Il y a une raison évidente au rapprochement diplomatique progressif entre les pays arabes et Israël. Il n'y a pas grand-chose dans la diplomatie qui unit plus que la perception d'avoir un ennemi commun, encore plus si cet ennemi a la possibilité d'acquérir des armes nucléaires dans le futur. L'Iran est ainsi devenu la principale raison pour laquelle les pays qui ne reconnaissent même pas Israël ont choisi de commencer à normaliser leurs relations bilatérales. Isoler l'Iran est le grand objectif du bloc arabe dirigé par l'Arabie saoudite et son prince héritier Mohammed bin Salman, et partagé par Israël. Contrecarrer l'influence de l'Iran au Moyen-Orient, que ce soit en Irak, au Yémen, en Syrie ou au Liban, est la première priorité stratégique de la monarchie saoudienne.  

Le bloc arabe a longtemps été la plus grande vitrine de la cause palestinienne pour exposer ses revendications à la communauté internationale, mais les intérêts géopolitiques ont prévalu sur les revendications idéalistes de longue date de la souveraineté palestinienne. En d'autres termes, la peur de l'Iran a déplacé la cause palestinienne.
Il suffit de comparer deux cas pour comprendre le changement de cap du bloc arabe par rapport à la question palestinienne
. En 2009, tous les pays de la Ligue arabe ont explicitement soutenu la Palestine dans une demande présentée à la Cour pénale internationale de La Haye pour enquêter sur les crimes de guerre présumés commis par Israël dans la bande de Gaza. Ce soutien collectif de la Ligue arabe a été crucial pour donner une voix à la Palestine et a finalement conduit à la reconnaissance historique de la Palestine en tant qu'État observateur des Nations unies (sans droit de vote) en 2012.  

Une décennie plus tard, en 2020, Donald Trump a présenté son « Accord du siècle », un traité négocié sans la présence palestinienne et favorisant de manière disproportionnée les revendications d'Israël. Le fait que la plupart des États arabes aient soutenu ce plan (comme l'a démontré sa présentation à Washington, à laquelle ont assisté les ambassadeurs de Bahreïn, d'Oman et des Émirats arabes unis) montre que les temps où la cause palestinienne était au centre des revendications du monde arabe appartiennent au passé.  

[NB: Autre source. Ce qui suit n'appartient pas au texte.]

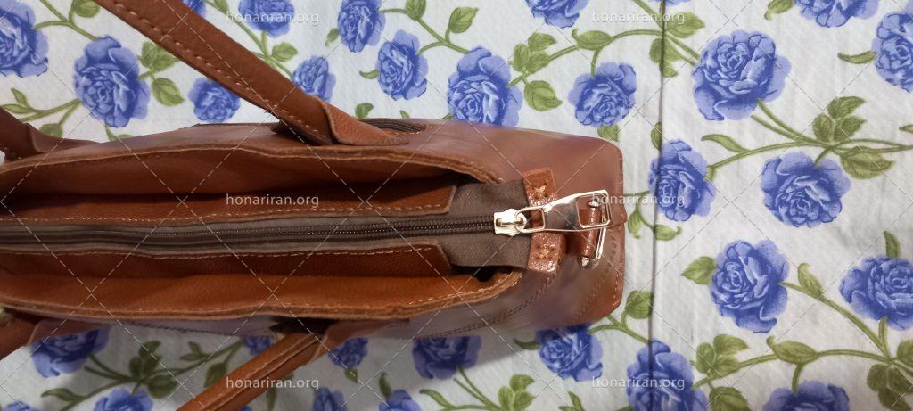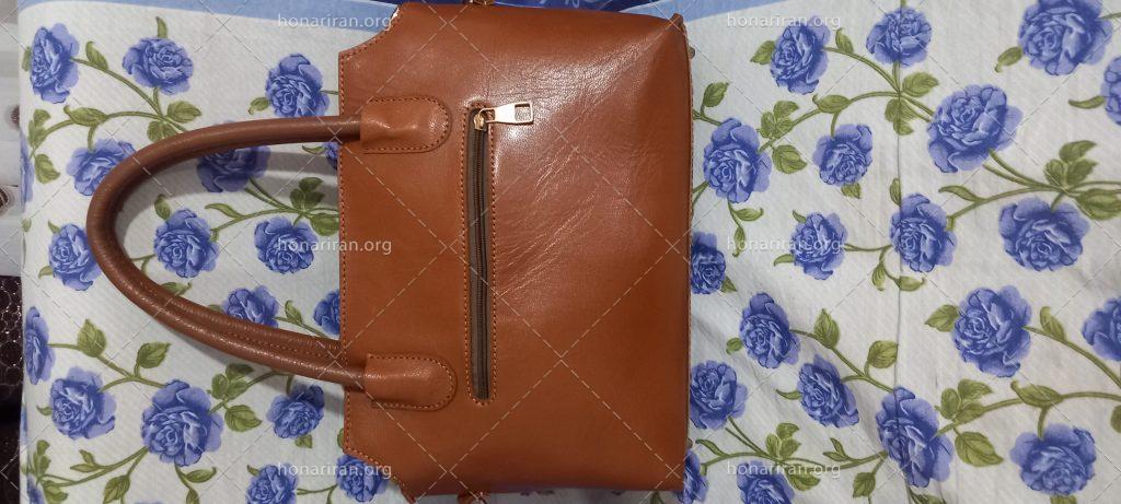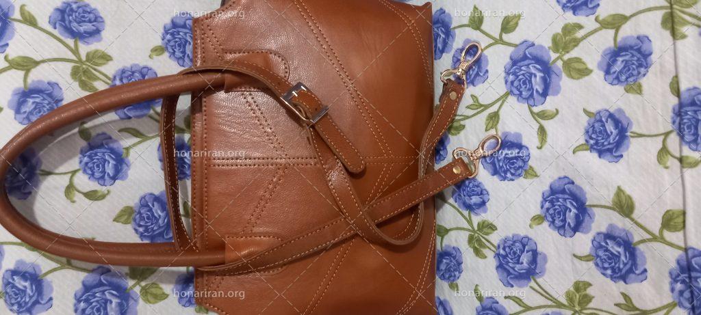 کیف دست دوز چرم طبیعی چرم گاوی دست دوز رنگ قهوه ای ب صورت میشه استفاده کرد هم دوشی و دستی

Il est possible que, si dans les mois à venir le gouvernement israélien décide de procéder à l'annexion d'une grande partie de la Cisjordanie (un des deux territoires palestiniens avec Gaza) comme prévu dans l'Accord du Siècle, la réaction de ses voisins arabes sera cette fois plus énergique et plus critique à l'égard d'Israël. Cependant, il semble peu probable que le soutien à la cause palestinienne aille au-delà de déclarations cosmétiques sans effet réel. Bref, le bloc arabe semble avoir tourné la page, et au lieu de cela, la Palestine, et par extension ses cinq millions d'habitants, est laissée seule.